Small businesses with limited access to credit lines or loans from banks and other lending institutions can access working capital via invoice financing. Invoices or account receivables are sold at a discounted rate to a factoring company. Hence, invoice financing is also called invoice discounting. The factoring company, in return, earns money by charging a discount fee and a service fee to small businesses.
Unloading Collections
Invoice financing gives you the opportunity to unload your collections and dispense the waiting time usually practiced in invoice payments. The discounted amount you get is offset by the opportunity to sell another batch of products at an earlier schedule. Also, you can concentrate your resources in selling which allows you to recover faster the cost incurred in factoring.

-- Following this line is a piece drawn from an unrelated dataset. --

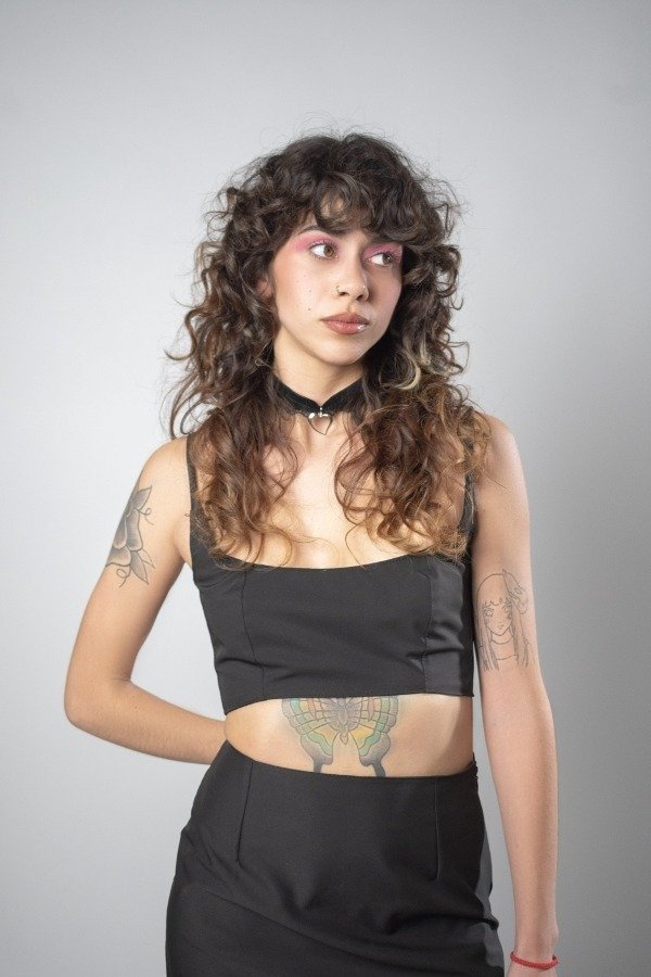 top corset confeccionado en tela sastrera calidad premium, con espalda acordonada y breteles regulables. VIENE CON CINTA DE RASO PARA ACORDONAR INCLUIDA

Working Capital Realized Soonest
Many small businesses’ working capital is confined to the inventories that are waiting to be sold. You have to wait for invoices to be paid to recover your working capital. Invoice financing allows immediate recovery of working capital.
Quick Cash
Unlike business capital loans from banks, invoice financing forego the requirements of business plans and tax statements since the products are actually sold and already waiting for payment. Thus, release of cash is quicker. You are paid after you have issued invoice to your customers for shipment and delivery of products which normally would take an average of 24 hours.
Invoice financing is better than taking credit to beef up your cash flow. You get cash quicker and clean. You are a not borrower who needs to meet monthly obligations. Rather, you are a seller and the factoring company still owes you the balance from your total invoices and the discounted invoices. The balance is collected by the factoring company in your behalf. In the process, you are charged a service fee.